Nel dicembre 1962, una larga maggioranza parlamentare approvò la riforma della scuola media unica, eliminando la separazione tra scuola media inferiore e scuole di avviamento professionale. Questo sistema segregava gli studenti sulla base delle capacità e del background socio-economico. Tuttavia, a fine decennio, “Lettera a una professoressa” di don Lorenzo Milani e “Deschooling Society” di Ivan Illich criticarono duramente l’inefficienza e l’ingiustizia del sistema scolastico. Milani denunciava una scuola riformata solo nelle norme ma non nella cultura, che continuava a selezionare i “meritevoli”, amplificando le disuguaglianze sociali. I Pierino (figli del dottore) avevano più opportunità dei Gianni (figli degli operai o contadini). Illich criticava un sistema educativo industriale che soffocava creatività e interessi personali, promuovendo conformismo e obbedienza.

Entrambi proponevano una scuola inclusiva, che superasse il nozionismo e mettesse al centro le persone e le loro differenze, promuovendo un modello democratico e partecipativo. Illich definiva questo modello “conviviale”: autonomo, cooperativo e sostenibile. Nonostante i progressi, le critiche di Milani e Illich restano valide. Il titolo di studio rimane il fulcro di un sistema ancora troppo legato all’impronta industriale novecentesca. Per Illich, focalizzarsi sui titoli rischia di “commoditizzare” l’apprendimento, trasformandolo in una merce da vendere e consumare, svalutando la qualità dell’educazione. Le disparità geografiche nel rilascio dei titoli sono una prova della necessità di sopprimere il valore legale dei titoli, spostando l’attenzione sulle competenze. Certo, passare dai titoli alle competenze è una sfida complessa. Ma perché non lo facciamo?

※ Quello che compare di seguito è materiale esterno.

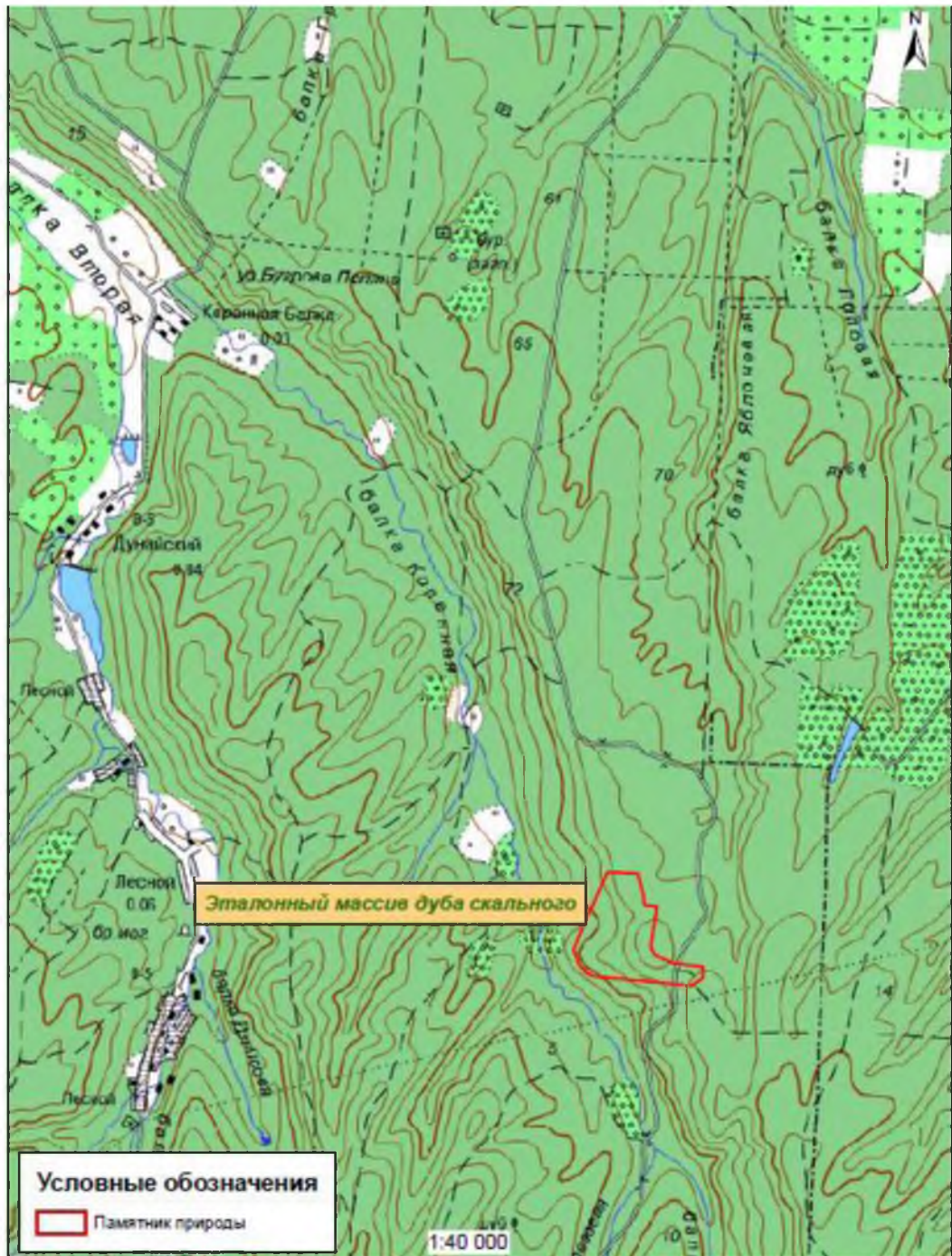
Карта-схема памятника природы «Эталонный массив дуба скального»

Картографические материалы с нанесенными границами памятника природы регионального значения:

Il motivo risiede nel rapporto bizzarro, tutto italiano, che abbiamo con i concetti di oggettivo e di soggettivo”, con una adesione quasi ideologica al primo e una repulsione idiosincratica per il secondo. Più un sistema è burocratico più ci illudiamo che sia “oggettivo” scevro da contaminazioni e interferenze. Più è soggettivo e più pensiamo che qualcuno ne abbia avuto, in modo illecito, un vantaggio. Ma di oggettivo nella vita c’è poco o nulla. Le valutazioni sono per loro natura soggettive e sarebbe meglio accettarlo. Studiamo meccanismi rigorosi che rendano le valutazioni metodologicamente e deontologicamente corrette. Se vogliamo essere competitivi e attuali, il focus non può essere sui titoli ma sulle competenze. Dobbiamo investire in un sistema nazionale, digitale e aperto, di certificazione delle competenze che inizi presto e accompagni le persone per tutta la vita. Parliamo tanto di “mercato del lavoro”, ma serve una moneta unica per questo mercato: la competenza. Il titolo di studio è solo carta per il Monopoli.